Sumatran rhinos enjoy enrichment as do other rhino species. These rhinos benefit from having enrichment items, as most captive animals do. Enrichment can even come in the form of shade trees. Using feed species of trees such as mulberry or Chinese elm provides not only necessary shade, but also an afternoon snack when leaves and berries fall from the trees. Another form of rhino enrichment is the training session with their keeper, leading to an overall positive captive environment.

GREATER ONE HORNED RHINOCEROS

Currently, just over 3,000 of these rhinos remain in the wild, most on scattered game preserves in India and Nepal. Care of captive Indian rhinos has been taking place in zoos since the 16th century. Many zoological institutions house these rhinos, but not all are successful at propagating them. For a zoological institution to be successful several measures must be followed.

 

HOUSING

Housing facilities must be large enough to allow the rhinos plenty of room for exercise. These rhinos can be social, and depending on the size of the enclosure several can be kept together at one time. (The San Diego Wild Animal Park has housed as many as 16 rhinos in a 43-acre multi-species exhibit). Depending on the climate, an inside exercise area is needed for the winter months along with heated rooms. Concrete floors should be covered with decomposed granite (DG), or another dirt type substrate. This is to help alleviate foot problems which are common is these rhinos. If DG is not available then stalls should be lined with rubber mats or hay. The enclosure must have adequate shade, a mud wallow, outdoor enrichment items and preferably a pool.
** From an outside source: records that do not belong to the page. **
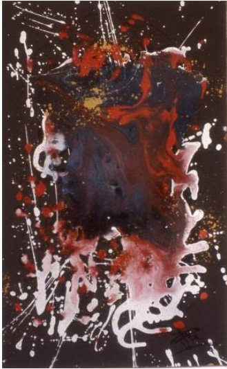
Fig. 2. Josep Maria Compte, Vivacitat , 1979 Esmalt sobre paper, 50 x 32,5 cm

l'expressió -que es fa patent a través dels colors emprats, amb aquesta barreja de blanc, groc i, sobretot, vermell i blau- i no tant el resultat final.
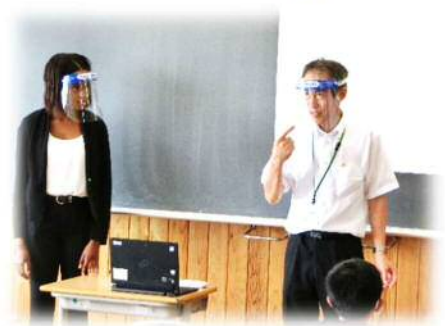
授業での会話や話し合いの場面、給食の配膳等では、教師も児童もフェイスシールドを付けて行います。
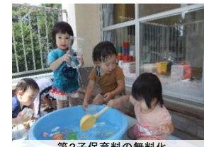
第2子保育料の無料化
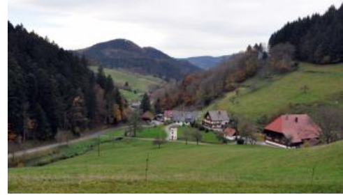
Kirnbachtal südlich von Wolfach im Mittleren Schwarzwald

Für die unteren Hangbereiche im Mittleren Schwarzwald, die durch die landwirtschaftliche Nutzung in historischer Zeit eine starke anthropogene Überprägung erfahren haben, wurde insbesondere im Kinzigtal und seinen Nebentälern eine eigene Kartiereinheit a132 vergeben. Die Hänge in Höhenlagen zwischen 250 und 800 m ü. NHN werden heute überwiegend als Grünland oder Wald und nur in den tieferen Lagen örtlich durch Obst- und Ackerbau genutzt. Über Jahrhunderte, z. T. bis in die Mitte des 20. Jh. hinein, fand dort jedoch eine Feld-Gras- oder Feld-Wald-Wirtschaft statt, die sog. Reutbergwirtschaft (vgl. Übersichtskapitel). Folgen dieser Wirtschaftsweise sind Wald- und Grünlandböden, die durch die frühere Bodenbearbeitung bis in den Unterboden humos sind (Braunerde, rigolte Braunerde). Daneben finden sich durch die Bodenerosion verkürzte Bodenprofile wie flach entwickelte Braunerden und Braunerde-Ranker sowie die zugehörigen Kolluvien am Unterhang und in Hangmulden. Mancherorts sind Ackerterrassen und Lesesteinhaufen als Zeugen der vergangenen Nutzungsformen erhalten.
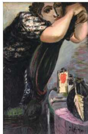
荻太郎《椅子による女》

本展では、当館収蔵の初期から晩年にかけての作品と関連資料を併せて展示し、生涯人間をテーマに制作し続けた画家のまなざしを展観します。
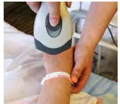
リストバンドでお名前を確認

ることができるので、処置も早く行うことができます。注射を行う際には、リストバンドのバーコードを読み取ることで、患者さんの確認ができ、更に安全性が高まりました。
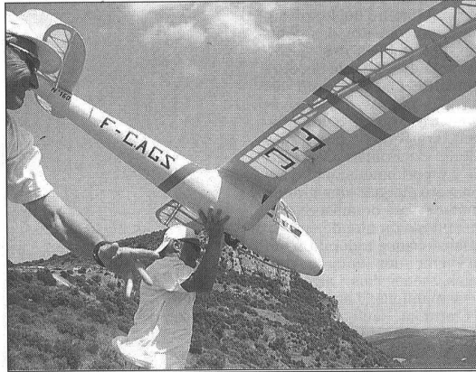
Trente-trois modélistes ont participé au concours.

Fair-play, le vainqueur de cette rencontre a cédé son trophée au plus jeune concu-
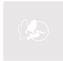
AL4824-1404RPFC With Foam, With Casters
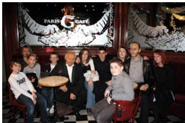
Le GDS au Musée Grévin.

Qui dit nouvelle année, dit «NOUVEAU SPECTACLE». En effet, vous pouvez d'ores et déjà noter sur vos agendas, VENDREDI 29 AVRIL 2011. Durant cette soirée, vous pourrez revivre l'ambiance festive des années 80, et redécouvrir les «tubes» qui vous ont fait danser. Réservations à partir du 15 Mars 2011. A bientôt... «dans un univers de paillettes» !
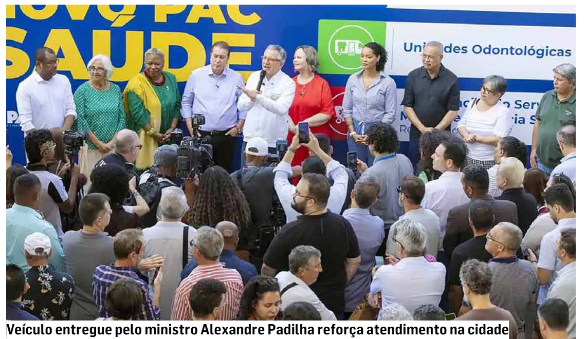
Veículo entregue pelo ministro Alexandre Padilha reforça atendimento na cidade

Além da nova ambulância, Nova Odessa foi recentemente contemplada pelo PAC com combos de modernização para as UBSs 1 (Centro) e 3 (Jardim São Manoel), além de um kit multimídia para teleconsultas, iniciativas que continuam em fase de implantação. | Da Redação
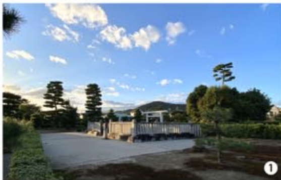
1 2 参道を50mほど進めば拝所に到着、中の敷地は思ったより広い。斜光が御陵にあたりいい感じだ。

先帝・後白河天皇の第一皇子。祖父である七四代・鳥羽天皇(法皇)の皇后藤原得子(美福門院)に育てられ出家する予定だったが、七六代・近衛天皇の崩御に伴い鳥羽法皇の強い意向によって皇位継承者となる。その後、後白河天皇の即位とともに親主吉下を受け、立太子となった。しかし、この事柄を叔父の七五代・崇徳天皇(上皇)らのが不満に思い、一一五六年「保元の乱」と流れていく。一一五八年、後白河天皇から譲位を受け一六歳で即位、第七八代、一条天皇となった。その翌年、「藤原信賴・源義朝」により「平治の乱」が起こり、一条天皇は御所に幽閉された。これを「平清盛」が救い出した。父の院政を嫌い親政を敷いたが、一三歳の若さで崩御した。その御陵は、「香隆寺」の野で火葬されたのち「香隆寺本堂」に遺骨が納められて、その後「香隆寺本堂」から境内に遷宮された。「三昧堂」に改葬される。この「香隆寺」は山緒ある寺院だったが、鎌倉時代以降に廃絶して、その正確な位置は不明となった。現在の京都市北区の衣笠山から船岡山一帯と推定があり、明治三年に、その跡地を推定して、一条天皇香隆寺陵が造られた。
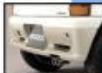
●リアフォグランプ [標準] 雨天や霧の多い状況下で視界を確保するための装備です。
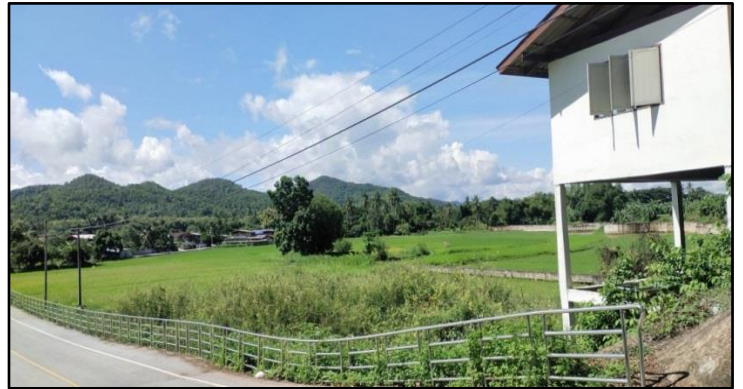
(ก่อสร้างลำเหมืองไหล่ทางคอนกรีตเสริมเหล็กบ้านบุง)

Like Sumatran rhinos, Indian rhinos are susceptible to foot and skin problems so moisture is a must. Lounging under water with just their noses sticking out is a common practice of these rhinos. Training chutes are used for blood collection, foot exams, and ultrasounds.

NUTRITION

Successful captive management of Indian rhinos should include fresh browse daily. Additionally alfalfa/grass hays, herbivore pellets, and fresh produce are served. Most of the produce is used for training proposes.

KEEPER INVOLVEMENT

The daily keeper is the most important link to any healthy rhino. Most captive Indian rhinos need to be acclimated to hands on exams, which requires the keeper to be familiar with training exercises. Cracks in the hoof pads are not uncommon, and will require special care. Keepers often facilitate this treatment without veterinary staff. The veterinary staff usually does blood collection and ultrasounds, but keeper training is what makes the process easier. Accurate record keeping is a must because it establishes patterns, which will indicate both health problems and estrus cycles in females. Estrus cycles are very involved and sometimes aggressive. Extreme care should be used when pairing rhinos, especially in smaller areas. The ability to separate the rhinos is a must.

ENRICHMENT

Daily enrichment of Indian rhinos is not much different than that of other rhino species. These rhinos benefit from having play items, such as heavy boomer balls to push around. Enrichment can also come in the form of shade trees which double as a food source. Another form of enrichment is allowing the public to get close to these rhinos. Their temperament can be quite docile at times, making them candidates for an up close visit on a behind-the-scenes tour.